Deux nouveaux tableaux de René Magritte font partie de l’accrochage du musée à Bruxelles, prêtés pour une longue durée par la famille Spaak. Ils sont particulièrement émouvants et rappellent, au moment où vient de mourir Antoinette Spaak, un épisode dramatique et héroïque dans l’histoire de la famille.

Dans les années 30, Claude Spaak, frère du ministre Paul-Henri Spaak, l’oncle donc d’Antoinette Spaak, dirigeait la société des expositions au Palais des Beaux-Arts et entretenait alors d’excellents rapports avec Magritte, lui achetant beaucoup d’oeuvres et lui commandant des portraits de sa famille.

On peut admirer désormais au musée de la place Royale, le portrait de l’épouse de Claude Spaak, née Suzanne Lorge, peint en 1936 par Magritte qui la représente comme dans une page d’un livre face aux nuages, avec, devant, déposé sur un tissu rouge, un oeuf. L’autre tableau peint en 1937 montre les deux enfants du couple Spaak: Bazou et Pilette qui entourent une fenêtre ouverte avec une chandelle allumée, signe de vie, et une procession d’objets mystérieux chers à Magritte: lion, buste antique , etc.

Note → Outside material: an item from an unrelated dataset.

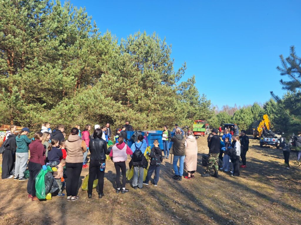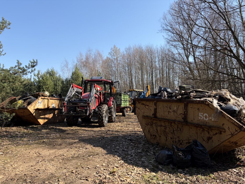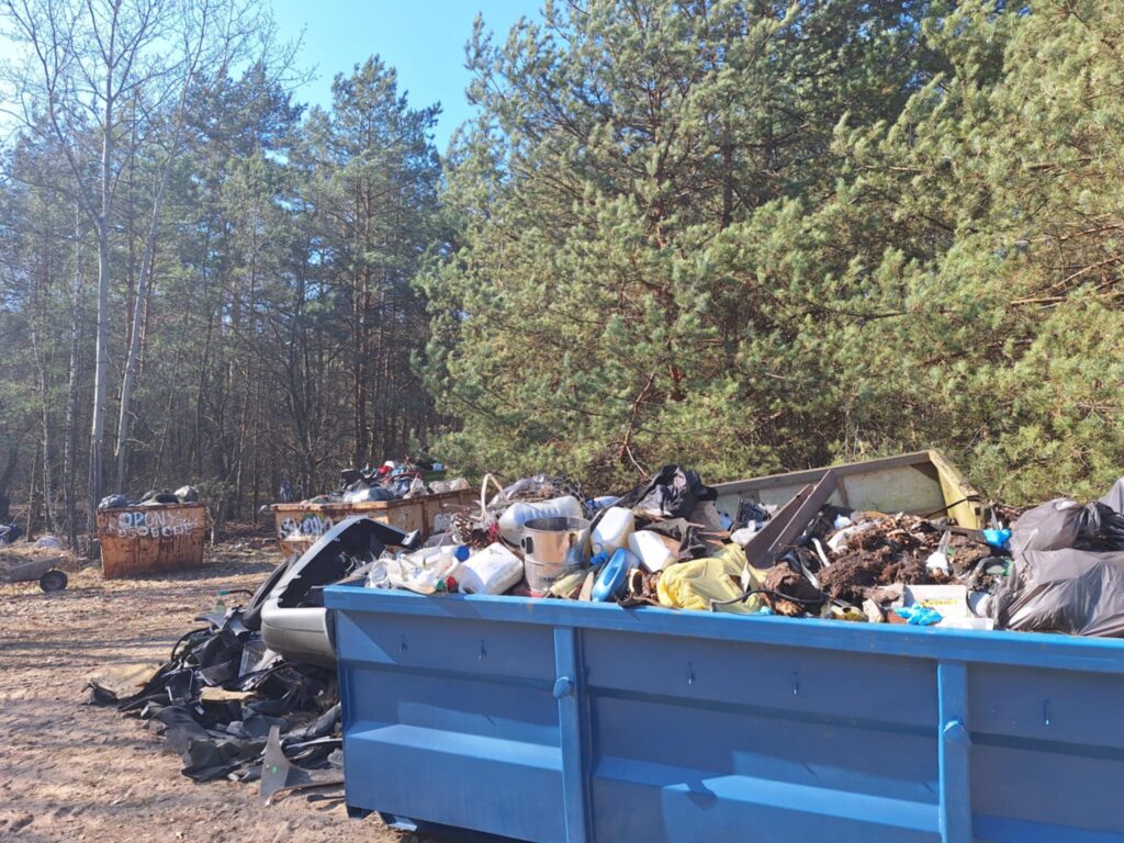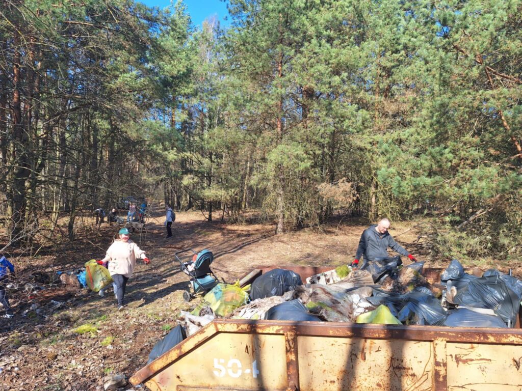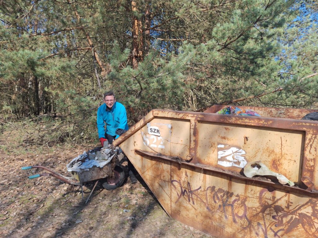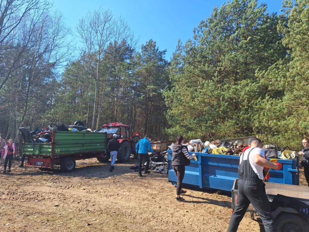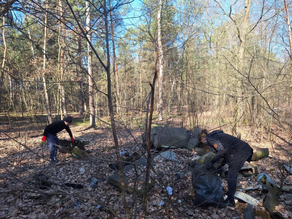A było to nie lada wyzwanie – począwszy od wielkiej góry śmieci na skraju lasu, po mniejsze składowiska w dalszej jego części. I chociaż na pierwszy rzut oka ilość zalegających odpadów wydawała się nie do ogarnięcia, to – podobnie jak miało to miejsce jesienią w Kruszu – mieliśmy okazję przekonać się, że w grupie można zdziałać cuda. Kontenery w mig zostały zapełnione, a las odzyskał swoją naturalną urodę.

Le portrait de Suzanne Spaak, très émouvant, vient rappeler aujourd’hui l’engagement de cette grande dame durant la guerre, un exemple de courage qui reste exemplaire à l’heure des replis sur soi et de la montée à nouveau de l’extrême droite et de l’anti-sémitisme.

Durant la guerre, Suzanne Spaak, née en 1905, son mari et leurs deux enfants vivaient à Paris une vie de luxe. Mais vite elle décide de rejoindre la Résistance dans le Mouvement national contre le racisme. Son appartement devient un lieu de rencontre pour les résistants. Elle distribue aussi des prospectus et aide à sauver des Juifs de la persécution. Suzanne Spaak est alors affectée au service de renseignements L’Orchestre rouge piloté par Leopold Trepper pour aider les agents de renseignement. Elle participe à une action pour sauver 163 enfants juifs de la déportation. Elle prend tous les risques en abrite certains enfants chez elle en attendant de trouver un lieu sûr.

© Fondation Magritte

Mais le réseau L’Orchestre rouge est peu à peu démantelé par la Gestapo, 600 personnes sont arrêtées dont, en octobre 1943, Suzanne Spaak incarcérée et torturée à la prison de Fresnes. Le 12 août 1944 juste avant la libération de Paris, elle est assassinée dans sa cellule par l’officier de la Gestapo Heinz Pannwitz. Elle avait 38 ans. En 1985, le mémorial Yad Vashem à Jérusalem lui a décerné à titre posthume le titre de Juste des Nations.

Il est très émouvant de revoir au musée Magritte le visage de Suzanne Spaak qui incarna tant le courage et l’engagement jusqu’à la mort.